“Despite the pursuit of the holy grail of sufficient statistics, most applications will have to settle for the weakest concept of optimal statistics.”Quiz #1:How does Bayes sufficiency [which preserves the posterior density] differ from sufficiency [which preserves the likelihood function]?Quiz #2:

How does Fisher-information sufficiency [which preserves the information matrix] differ from standard sufficiency [which preserves the likelihood function]?

Read a recent arXival by Till Hoffmann and Jukka-Pekka Onnela that I frankly found most puzzling… Maybe due to the Norman train where I was traveling being particularly noisy.

The argument in the paper is to find a summary statistic that minimises the [empirical] expected posterior entropy, which equivalently means minimising the expected Kullback-Leibler distance to the full posterior.
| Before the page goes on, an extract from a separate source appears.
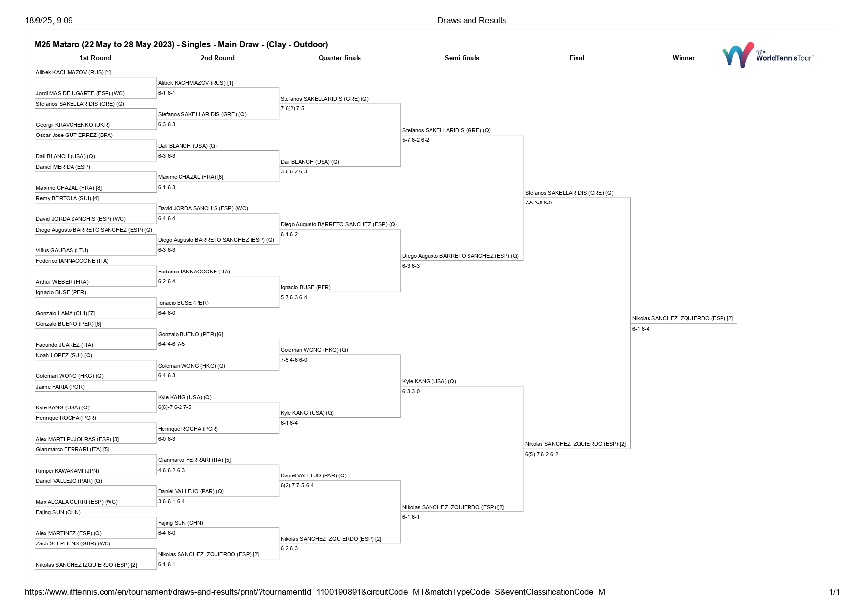 Va imposar-se en la final al grec Stefanos Sakellaridis en dos sets (6-1, 6-4), el partit no va tenir gaire misteri, el tennista català, de 24 anys, va poder aixecar el trofeu de campió sense gaire obstacles. En 42 minuts havia guanyat el primer set amb certa comoditat a un jove Sakellaridis que va presentar més batalla en el segon set. El mateix Sánchez Izquierdo admetia que s’havia sentit més còmode en el segon set, quan cada punt s’havia hagut de suar més: “He sabut estar bé tàcticament i imposar la meva llei”. “Guanyar és increíble i més a casa. Qualsevol torneig d’aquest tipus és molt difícil, perquè sempre hi ha imprevistos. Són 5 partits i passen moltes coses”, assegurava Sánchez Izquierdo, que tambe reconeixia cert cansament físic, perquè en 15 dies ha guanyat dos ITF: a Valldoreix el passat 14 de maig i ara a Mataró, molt a prop de casa. “En aquest club he passat 9 anys de la meva vida formant-me així que és un plaer per a mi guanyar aquí, afegia Sánchez, que ara buscarà entrar al circuit Challenger i es prepara per jugar prèvies de torneigs ATP. El sotscampionat ha estat per al jove grec de 18 anys Stefanos Sakellaridis. Una de les sorpreses del torneig, perquè partia de la ronda prèvia i va deixar pel camí a un dels favorits, el rus Kachmazov i a l’americà Blanch. Ferrari i Remy, guanyadors dels dobles També hi va haver premi per a l’italià Gianmarco Ferrari i el suís Remy Bertola, que arribaven amb ganes de fer un bon torneig a nivell individual i van acabar aixecant el trofeu de campions en dobles. Dissabte 27 de maig i després d’una hora i mitja de partit van proclamar-se guanyadors després de superar la parella portuguesa formada per Rocha i Faria (7-6, 2-6, 11-9).

And maximizing the mutual information between parameters θ and summaries t(.). And maximizing the expected surprise. Which obviously requires breaking the sample into iid components and hence considering the gain brought by a specific transform of a *single* observation. The paper also contains a long comparison with other criteria for choosing summaries.

“Minimizing the posterior entropy would discard the sufficient statistic t such that the posterior is equal to the prior–we have not learned anything from the data.”

Furthermore, the *expected* aspect of the criterion takes us away from a proper Bayes analysis (and exhibits artifacts as the one above), which somehow makes me question the relevance of comparing entropies under different distributions. It took me a long while to realise that the collection of summaries was set by the user and quite limited. Like a neural network representation of the posterior mean. And the *intractable* posterior is further *approximated* by a closed-form function of the parameter θ and of the summary t(.). Using there a neural density estimator. Or a mixture density network.